Além do BRICS, outros atores têm se mostrado importantes na tentativa de reduzir a influência americana. Entre eles, destaca-se a ASEAN (Associação das Nações do Sudeste Asiático), que tem adotado medidas ainda mais radicais nesse sentido. O bloco tem implementado políticas que aspiram diminuir a dependência do dólar, do euro, do iene japonês e da libra britânica em suas transações financeiras. Recentemente, os ministros das finanças e os governadores dos bancos centrais dos países da ASEAN se reuniram na Indonésia para discutir formas de intensificar o uso de moedas locais, aprimorando o sistema de pagamento digital transfronteiriço da região. Inicialmente, esse acordo foi assinado por Indonésia, Malásia, Cingapura, Filipinas e Tailândia, em novembro de 2022. Além disso, os reguladores bancários da Indonésia anunciaram que os bancos do país estão se preparando gradualmente para substituir as redes de pagamento americanas VISA e Mastercard por um sistema de pagamento próprio. Esses esforços da ASEAN têm como objetivo reduzir a influência do dólar na economia mundial e aumentar a independência dos países da região em relação às grandes potências econômicas. Com a adoção de medidas como essas, os países do Sudeste Asiático buscam fortalecer sua posição no mercado global e garantir um ambiente econômico mais estável e equilibrado para suas economias.
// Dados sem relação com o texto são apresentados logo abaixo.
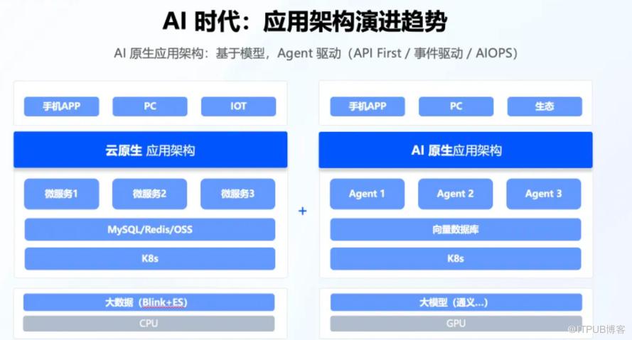 应用程序架构经历了从单体架构到 LAMP 架构,再到 SOA架构、微服务架构,最终发展到云原生架构的演变。在下面的图中,左侧展示了一个典型的云原生应用架构,它集成了容器技术、微服务架构和声明式 API。在这个架构中,微服务根据业务模块的需求进行了拆分,并对架构进行了无状态化改造,将数据存储任务交由数据库处理;微服务在容器中运行,实现了按需伸缩,极大地提升了研发效率和运维能力。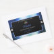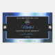 The design features a noble shimmering royal blue frame with fine decor lines, on a plain black background.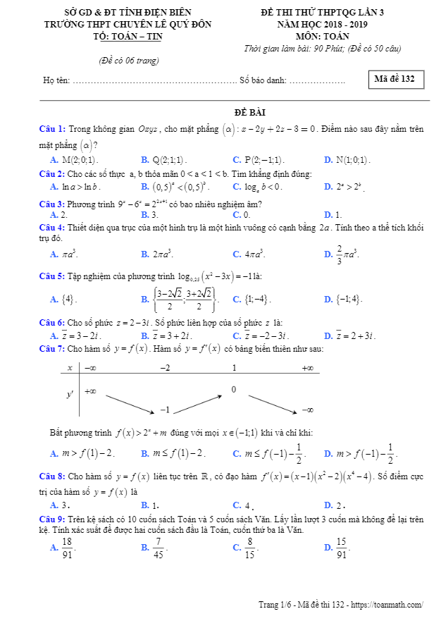 Đề thi thử Toán THPTQG 2019 lần 3 trường chuyên Lê Quý Đôn – Điện Biên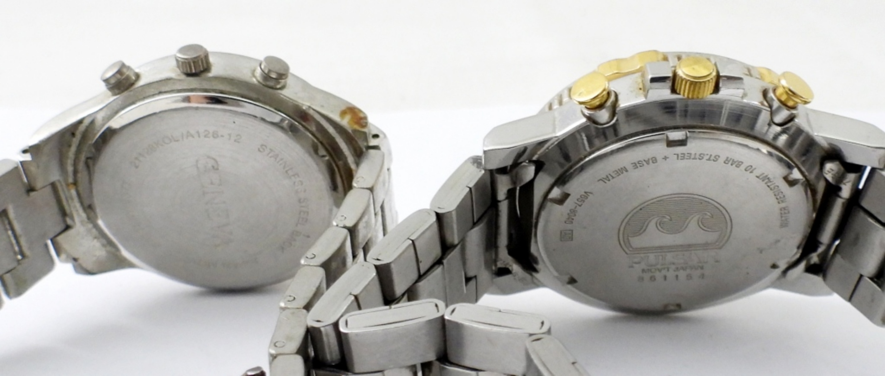 UNTESTED (2) GENEVA & PULSAR CHRONOGRAPH MENS WATCHES SILVERTONE, METAL LINK BANDS, FOLDING CLASP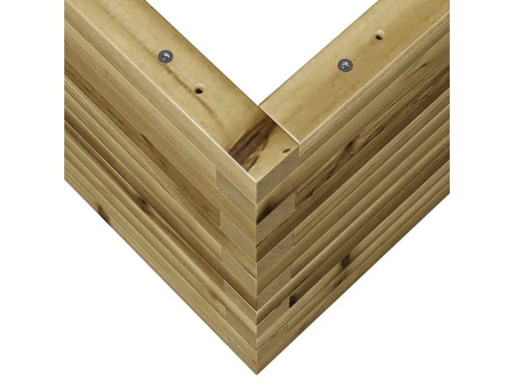 - Robustní a stabilní rám: Masivní borové dřevo je známé svou pevností a odolností. Jeho rovná textura a výrazné suky přispívají k jeho rustikálnímu vzhledu. Impregnace je konzervační proces, který se provádí pomocí autoklávu. Tlaková úprava zvyšuje odolnost proti trouchnivění a počasí.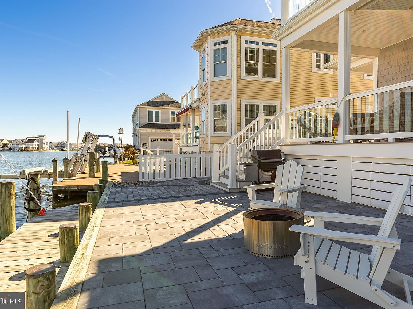 The outdoor patio features a spacious stone surface, laid with large, square pavers in neutral tones. Bright white adirondack chairs are arranged around a sleek, metallic fire pit, inviting relaxation and social gatherings. A view of the serene waterway complements the setting, with a wooden dock visible to the left, lined by vertical posts. The home showcases a classic coastal architectural style, with beige siding and multiple windows creating a bright atmosphere. The surrounding environment is enhanced by a clear blue sky, bringing natural light and warmth to this inviting outdoor space, perfect for leisure and family gatherings.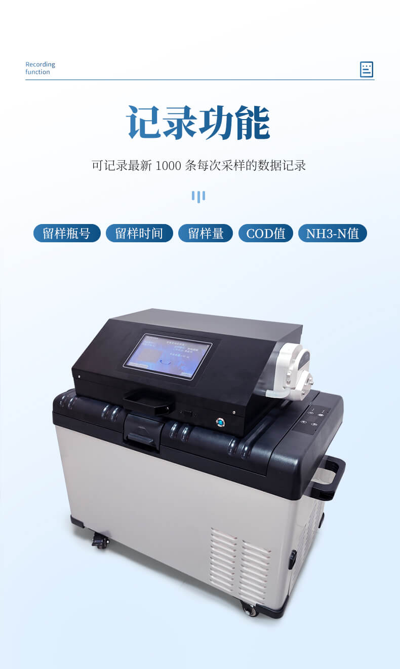 3、記錄功能:可記錄每次采樣的留樣瓶號、留樣時(shí)間、留樣量、COD 值和 NH3-N 值,可記錄最新 1000 條數(shù)據(jù)記錄;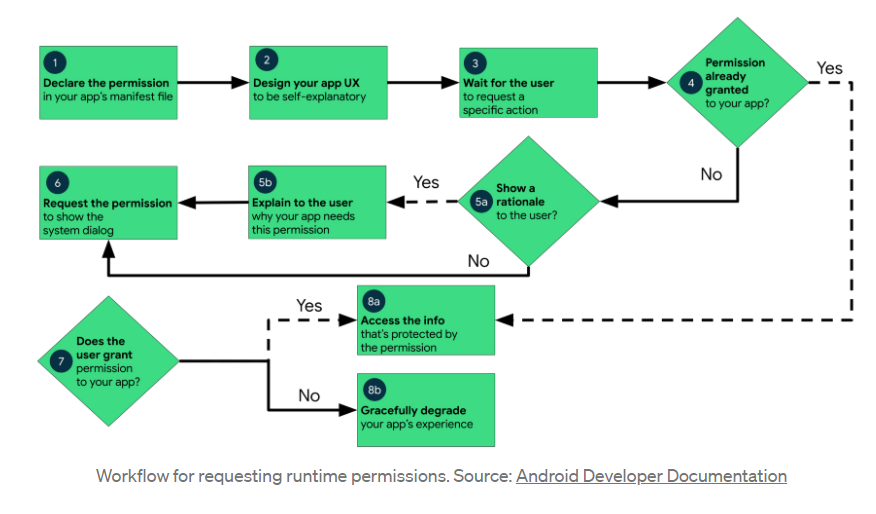 위 사진은 어플리케이션에서 유저와 앱이 권한 허가에 대해 서로 상호작용하는 것을 도표화 시킨 것이다. 이 사진을 이해한다면 허가에 관한 코드들을 이해하는데 큰 도움이 된다.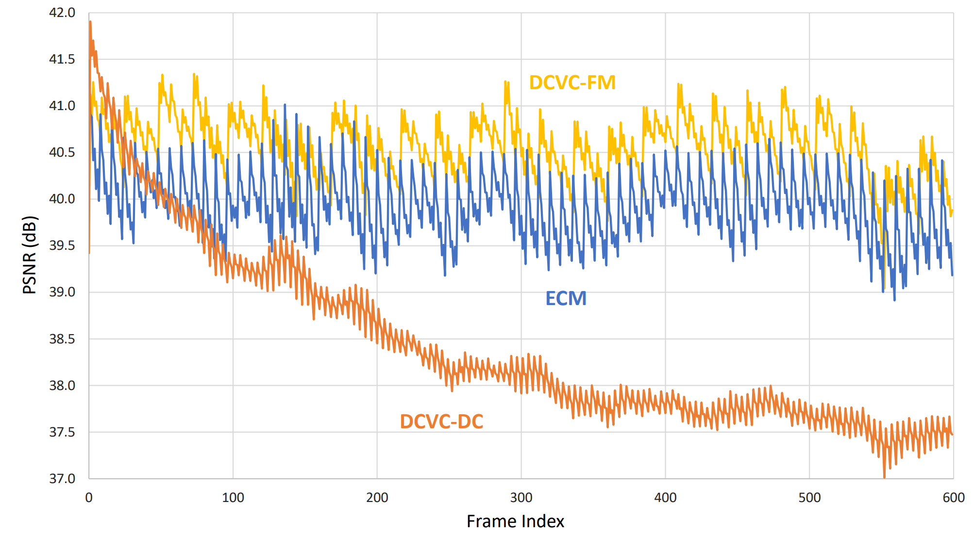 그 결과, I 프레임 하나로 동영상 전체를 코딩하더라도 비교적 안정적인 모습을 보인다. (ECM은 딥러닝이 아닌 전통적인 코덱 방식)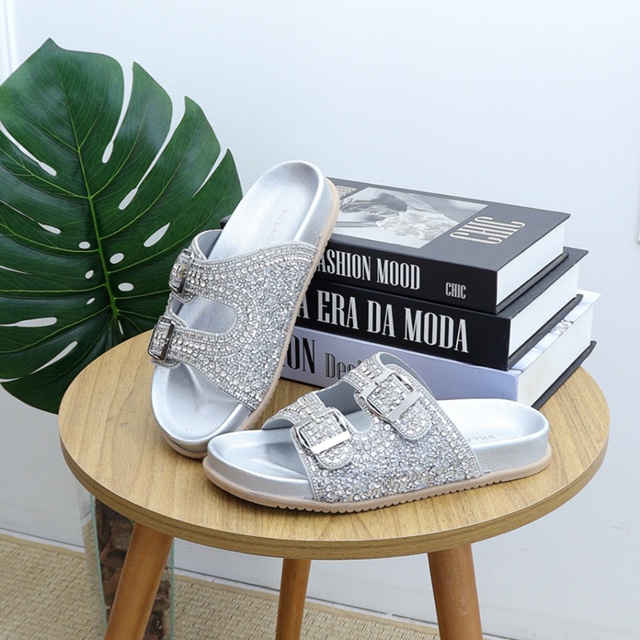 Sandália Rasteira Papete Brilho Flor de Griffe Confortável Elegante Pedraria Anatômico

Embora existam esforços em andamento para estabelecer novos sistemas de pagamento e transações financeiras baseados em moedas regionais, essas iniciativas ainda estão em estágios iniciais e não têm a mesma estabilidade e aceitação de mercado do que o dólar americano. Além disso, os custos de negociação e os riscos de liquidação são maiores, o que torna a substituição do dólar por outra moeda um processo complexo. No entanto, os países emergentes, principalmente os BRICS, estão tentando estabelecer um sistema comercial e financeiro independente, o que representa uma ameaça ao status do dólar. Embora não seja possível substituir o dólar no curto prazo, o efeito dos países que reduzem sua dependência dele se tornará cada vez mais significativo, levando a um novo padrão geopolítico monetário global.